Шрифт:
Интервал:
Закладка:
Такой акт называется «отлучением от Церкви». Соразмерна ли поступку священника Владимира Андреева высшая мера наказания? Какая альтернатива? Молчать? Лгать из страха перед архиерейским прещением? Страх рождает притворство. Не только перед другими. Возникает сложный психологический феномен: человек притворяется перед собой.
Несвободный человек вынужден идеализировать свою неволю. Стремясь сохранить уважение к себе в глубине искалеченной души, он с лёгкостью принимает доводы, оправдывающие его беспринципную покорность.
Образ о. Зинона, исполненный достоинства и содержательной глубины, вызывает уважение и симпатию. Его многолетнее отлучение от Церкви смущает христианскую совесть многих, но страх перед Преосвященным Деспотом связывает уста.
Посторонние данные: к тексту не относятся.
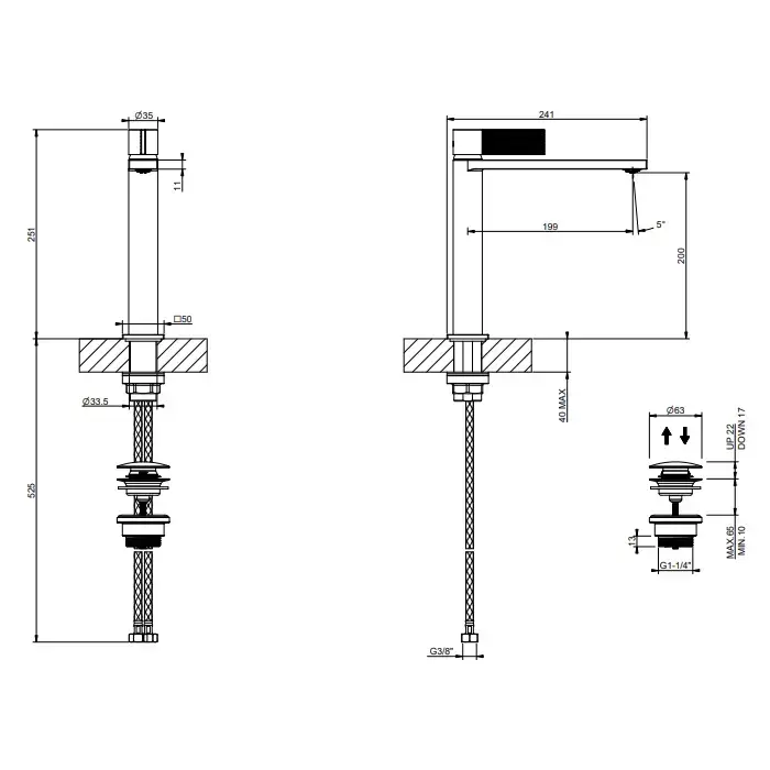 Gessi Inverso Rigato Смеситель для раковины, 1 отв., с донным клапаном "Stop&Go", цвет: Warm Bronze Br PVD

Во времена советского атеизма священник не был унижен животным страхом перед епископом. Тогда мы вместе смотрели в глаза опасности и были готовы к мученичеству, если призовёт Бог. Мы были единомысленны. Совет по делам религий, Компартия, НКВД были нашими общими противниками. Подвергаясь гонениям, лишаясь регистрации, попадая в тюрьму, священник знал, что может опереться на сочувствие и молитву Церкви.
Вернувшись из тюремного заключения в 1972 г. автор этих строк, священник, пришёл на приём к архиеп. Варфоломею Ташкентскому и Среднеазиатскому. Мы не были знакомы. Когда я вошёл в кабинет на берёзовой ноге без креста и в чужой рясе, Владыка растрогался, одел на меня протоиерейский крест, благословил и обнял. Эту награду я храню как дорогую память прошлого взаимопонимания с епископом. По поводу награды гонимого священника архиеп. Варфоломей принял большие скорби в Совете по делам религий.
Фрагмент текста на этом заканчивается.